(Beginning of Entries supplied)

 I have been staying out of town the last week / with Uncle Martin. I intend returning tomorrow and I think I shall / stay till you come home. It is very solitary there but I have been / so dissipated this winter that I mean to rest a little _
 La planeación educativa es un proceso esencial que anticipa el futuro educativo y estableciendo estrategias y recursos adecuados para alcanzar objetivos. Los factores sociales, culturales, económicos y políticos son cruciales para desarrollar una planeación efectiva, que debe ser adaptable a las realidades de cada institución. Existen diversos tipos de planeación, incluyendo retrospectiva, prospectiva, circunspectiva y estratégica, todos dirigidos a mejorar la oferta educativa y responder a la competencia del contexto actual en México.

(End of Entries supplied)
(Beginning of Entries supplied)

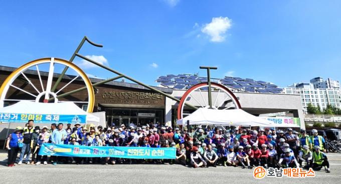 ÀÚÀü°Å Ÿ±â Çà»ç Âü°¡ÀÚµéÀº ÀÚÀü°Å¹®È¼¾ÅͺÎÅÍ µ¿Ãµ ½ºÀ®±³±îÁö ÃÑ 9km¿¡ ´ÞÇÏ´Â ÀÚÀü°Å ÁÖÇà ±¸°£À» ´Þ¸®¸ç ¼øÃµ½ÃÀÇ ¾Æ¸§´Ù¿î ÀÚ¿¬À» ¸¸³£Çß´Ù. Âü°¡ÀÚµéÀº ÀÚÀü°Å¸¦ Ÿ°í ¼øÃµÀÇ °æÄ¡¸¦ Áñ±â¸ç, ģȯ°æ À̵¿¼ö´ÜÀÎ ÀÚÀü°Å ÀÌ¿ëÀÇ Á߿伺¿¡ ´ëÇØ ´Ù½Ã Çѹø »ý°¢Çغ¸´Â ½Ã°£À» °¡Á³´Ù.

(End of Entries supplied)

Problem description
The lines above, starting at the one with "I have been staying" and ending at the one with "La planeación educativa", are the only ones to return, exactly as written.

Solution below
 I have been staying out of town the last week / with Uncle Martin. I intend returning tomorrow and I think I shall / stay till you come home. It is very solitary there but I have been / so dissipated this winter that I mean to rest a little _
 La planeación educativa es un proceso esencial que anticipa el futuro educativo y estableciendo estrategias y recursos adecuados para alcanzar objetivos. Los factores sociales, culturales, económicos y políticos son cruciales para desarrollar una planeación efectiva, que debe ser adaptable a las realidades de cada institución. Existen diversos tipos de planeación, incluyendo retrospectiva, prospectiva, circunspectiva y estratégica, todos dirigidos a mejorar la oferta educativa y responder a la competencia del contexto actual en México.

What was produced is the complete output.